In the present dataset, SNP frequencies varied both physically and according to their location within or near gene classes. As reported elsewhere [
30] and predicted by lowered recombination rates within the regions, diversity was lower toward the centromeres of autosomes and on the X chromosome. Diversity was significantly elevated in loci of the cytochrome p450 mono-oxygenase and carboxy/cholinesterase (COE) families than in the glutathione-S-transferases and control loci, with a segregating site every 26 bp in the p450s and COEs compared with every 34 bp overall. This higher SNP frequency is likely to exacerbate the problems for assay design in these gene families, especially given the significant SNP clustering in this genome. High rates of variability in human p450s have been reported [
43] but higher rates of polymorphism in mosquito p450s or COEs have not been previously identified.
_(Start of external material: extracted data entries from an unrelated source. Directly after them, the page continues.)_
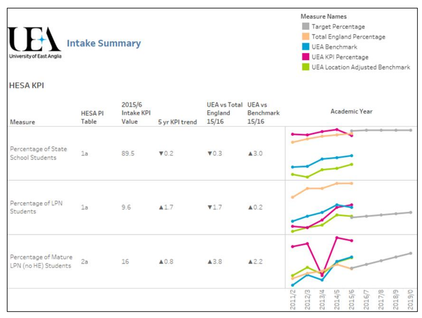
Figure 4: 2015/16 access performance indicators.

Figure 4, shows that for students from state schools and mature students with no previous experience of HE UEA performs well above our location adjusted benchmark and for young students from LPN just above.
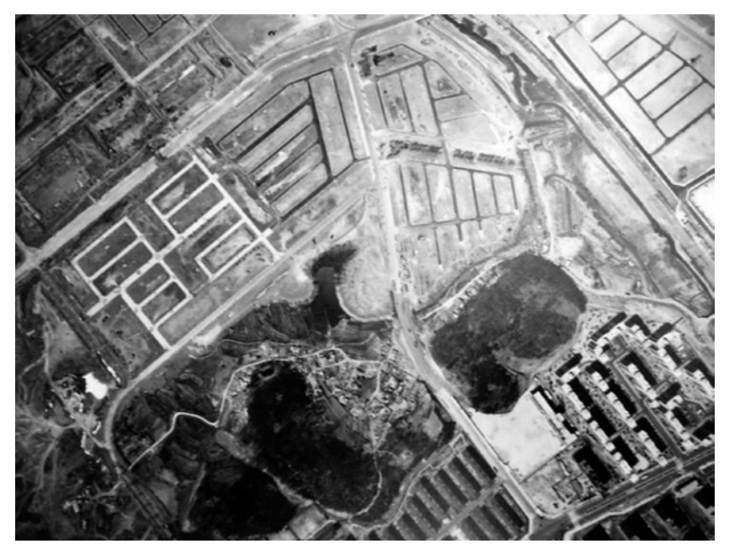
Figure 2: AERIAL PHOTOGRAPH OF POIDONG IN THE FINAL STAGE OF GANGNAM'S DEVELOPMENT, CIRCA 1980
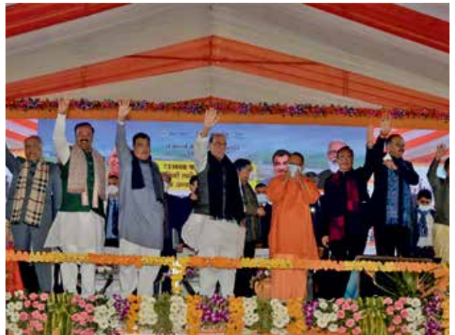
Union Ministers Shri Rajnath Singh, Shri Nitin Gadkari along with UP CM Yogi Aadiyanath and others inaugurating several important infra projects in Lucknow
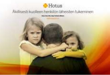
Supporting relatives and other close ones of a person who dies suddenly

a host organization of two collaborating centers: same target as the NRF
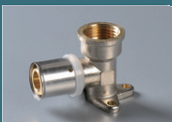
Ref. No. 2313 内丝带座弯头 Seated Female Elbow

Size ZL16X1/2F ZL16X3/4F ZL18X1/2F ZL18X3/4F ZL20X1/2F ZL20X3/4F
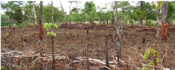
A section of deforested land in Zambia

For instance, in Zambia forests cover 60% of the country with some 45.8 million hectares of land that is being affected by a deforestation rate of approximately 300 000 hectares per year.
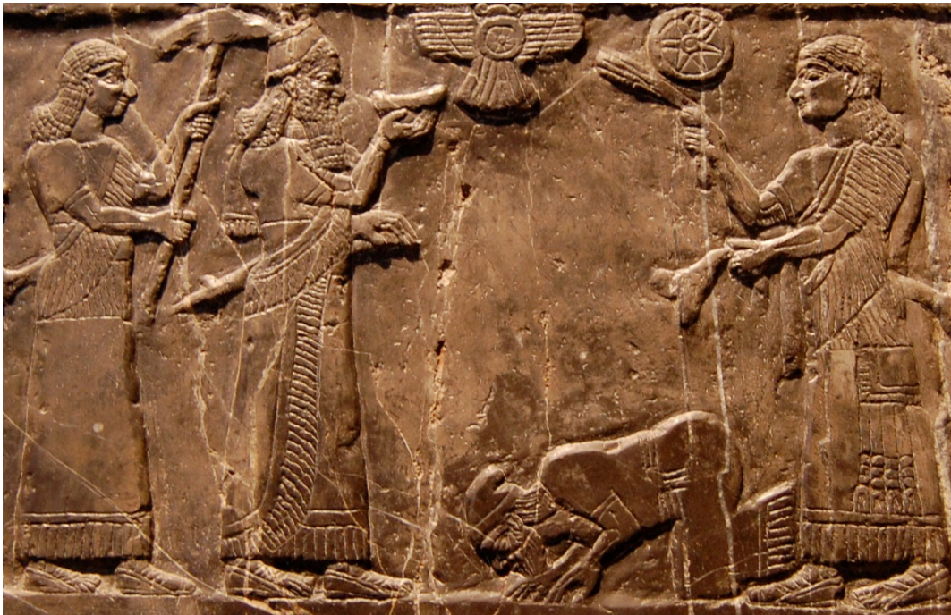
Depiction of Jehu King of Israel giving tribute to King Shalmaneser III of Assyria, on the Black Obelisk of Shalmaneser III from Nimrud (circa 827 BC) in the British Museum (London). By Steven G. Johnson (Own work), CC BY-SA 3.0, https://commons.wikimedia.org/w/index.php?curid=11326786 .
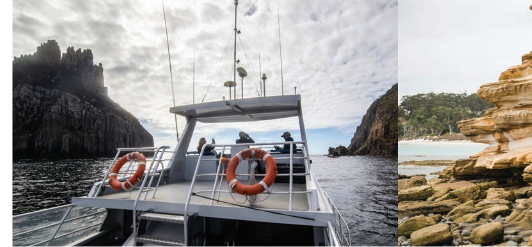
CLOCKWISE FROM LEFT: The Candlestick , Cape Hauy , on the Tasman Peninsula ; Skirt around the sheer sea cliffs of Cape Pillar and Tasman Island onboard Odalisque ; See the swirling patterns of the Painted Cliffs, Maria Island ; Wineglass Bay is one of East Coast Tasmania's celebrated beauty spots.

SPINDLY COLUMNS OF DOLERITE TOWER hundreds of metres above me, the dark-grey igneous cliffs slicked with a fine mist of sea spray. To my left a pod of whales breaks the surface, one by one, plumes of air spouting from their blowholes and mixing with the sea haze as shearwaters wheel and dart above the waves. Looking ahead, I see a small gap in the wall of rock where the water is churned into a maelstrom by powerful swells that detonate with a boom at the base of the cliffs on either side.
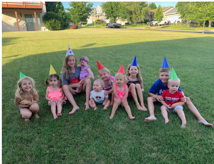
BIRTHDAY PARTY FUN
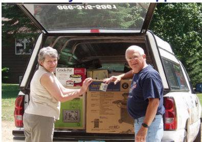
The prize patrol unloads!
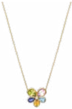
Mixed Gemstone Viola Pendant Cassandra Goad From £975
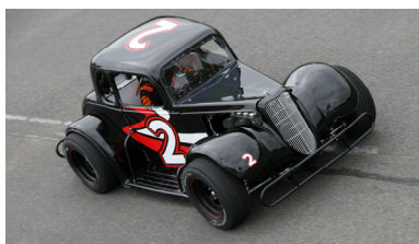
Revolution Racing Legends Car
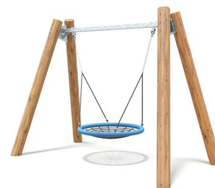
PE5 - INCLUSIVE NET SWING
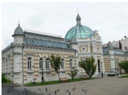
Miskolc Erzsébet spa

A higher rate of insertion of transposable elements in xenobiotic-metabolising p450s of
Drosophila (in contrast to those p450s involved in ecdysone biosynthesis and developmental regulation) result in high rates of mutability of p450s [
44] indicating that the function of such p450s is more tolerant of polymorphism. Also in
Drosophila, enzymes involved in xenobiotic metabolism exhibit a higher nonsynonymous: synonymous (
dN/
dS) ratio than the average over the dataset (ω = 0.05 compared with ω = 0.045 overall,
P = 0.011 [
45]). The higher levels of
dN/
dS for xenobiotic enzymes may indicate that the higher polymorphism levels seen in p450s and COEs reflects less stringent selection at these loci than others, perhaps because of flexibility in function among closely-related gene family members.
The high diversity in
An. gambiae is likely related to large effective population size (
Ne). Nucleotide diversity is a product of mutation rate and
Ne and the highest recorded levels of polymorphism, for the urochordate
Ciona savignyi, are thought to be due to its high
Ne [
46]. The estimates of
Ne available for
An. gambiae suggest levels of
Ne equal to a few thousand [
47,
48]. However,
Ne is notoriously difficult to estimate accurately, particularly for species exhibiting often limited genetic population structure over wide geographic scales, such as
An. gambiae. Improved
Ne estimates would help elucidate the role of
Ne in explaining the high nucleotide diversity that we, and other authors, have observed.
In
Drosophila spp. recombination rates are positively correlated with nucleotide diversity [
49-
51], especially at a fine-scale [
51], although the relative roles of selection and mutation generated by recombination in underpinning the pattern are controversial [
49-
51]. In
An. gambiae, the first major study to estimate recombination rate indicated a small recombination map length of 215 cM over the 278 Mb genome, or 0.78 cM/Mb [
1]. This is lower than typical average figures of 1–4 cM/Mb for most organisms and far less than the 19 cM/Mb recorded in the honey bee [
52]. Thus, broad-scale recombination estimates in
An. gambiae do not support a relationship between diversity and recombination rate. However, more recently, a survey of recombination rate along the X-chromosome, recorded an overall average recombination rate of 1 cM/Mb, but with dramatic variation in local rates between 0.2 and 7 cM/Mb [
53] dependent on chromosome position. Thus a link between sporadically high recombination rates – perhaps involving recombination hotspots – and high, clustered diversity could apply in
An. gambiae. Fine-scale estimates of recombination rate are now required to permit investigation of how the interplay between recombination and selection determines diversity.